Anna Lillian Corriveau: Conceptualization; Formal analysis; Investigation; Visualization; Writing – original draft. Jin Ke: Data curation; Investigation; Writing – review & editing. Hiroki Terashima: Investigation; Writing – review & editing. Hirohito M. Kondo: Funding acquisition; Investigation; Writing – review & editing. Monica D. Rosenberg: Conceptualization; Funding acquisition; Methodology; Project administration; Resources; Supervision; Writing – review & editing.

Monica D. Rosenberg, National Science Foundation (https://dx.doi.org/10.13039/100000001), Award ID: BCS-2043740. Hirohito M. Kondo, Japan Society for the Promotion of Science (https://dx.doi.org/10.13039/501100001691), Award ID: 20H01789. Hirohito M. Kondo, Japan Society for the Promotion of Science (https://dx.doi.org/10.13039/501100001691), Award ID: 22K18659.

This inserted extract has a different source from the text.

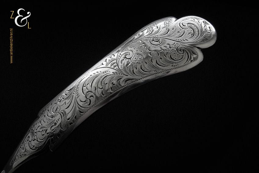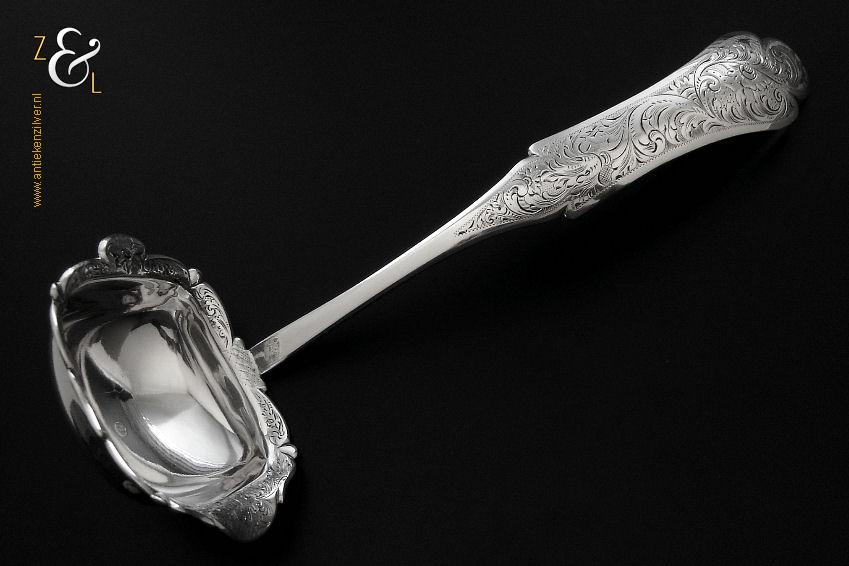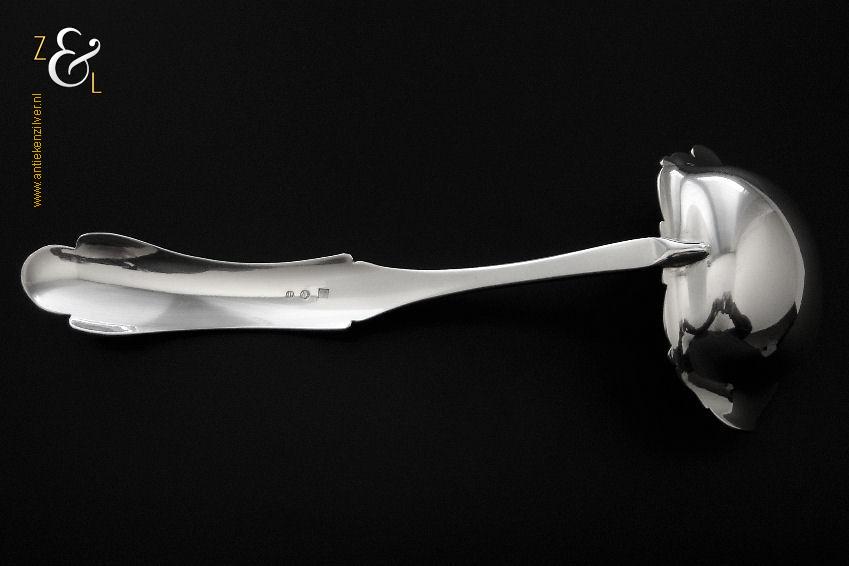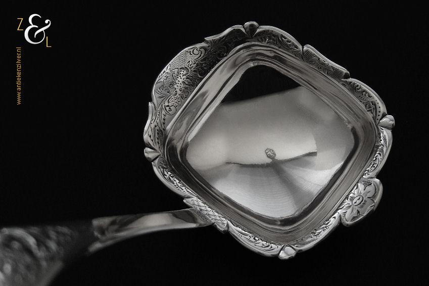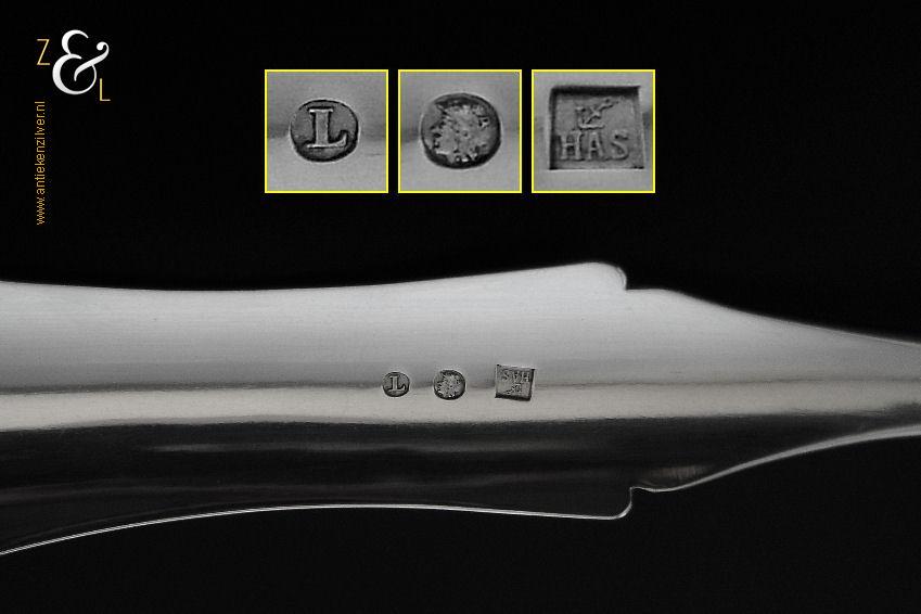 Deze soepdienlepel / sauslepel / ragoutlepel is gemaakt in Amsterdam door H.A. Schuss (meesterteken HAS onder anker in vierkant) in het jaar 1845 (jaarletter L). De zilveren Biedermeier soepdienlepel / sauslepel / ragoutlepel heeft een gecontourneerde lepelbak die gegraveerd is met bloem- en bladmotieven. Leuk detail is dat op de schenklip van de lepelbak een gestileerde haan is gegraveerd (zie laatste afbeelding). Het handvat is uitgevoerd met een diepe gravering van c-vormige voluten. De soepdienlepel / sauslepel / ragoutlepel weegt 111 gram en is 23.3 cm lang. De rechthoekige lepelbak is 8.5 cm lang bij 6.5 cm breed.

All preprocessed data and analysis code are publicly available at https://osf.io/bt2xy/.

Sustained attention:

The ability to maintain focus over time, which differs between people and fluctuates from moment-to-moment.

Connectome-based predictive modeling (CPM):

A technique that identifies functional connections whose strength is related to a phenotype of interest and uses the strength of these connections to predict the phenotype in novel individuals.

Network strength:

A summary statistic of the strength of functional connections in a set of edges of interest.

External validation:

The application of a model’s feature weights to an independent set of data to test out-of-sample predictive power, with the purpose of demonstrating robust and accurate feature identification.

Network edge:

A single functional connection that reflects the statistical dependence of activity in a pair of brain regions.

Functional connectome:

A matrix of whole-brain functional connectivity where each cell represents the statistical dependence, often correlation, in the fMRI BOLD activity between a pair of regions in the brain.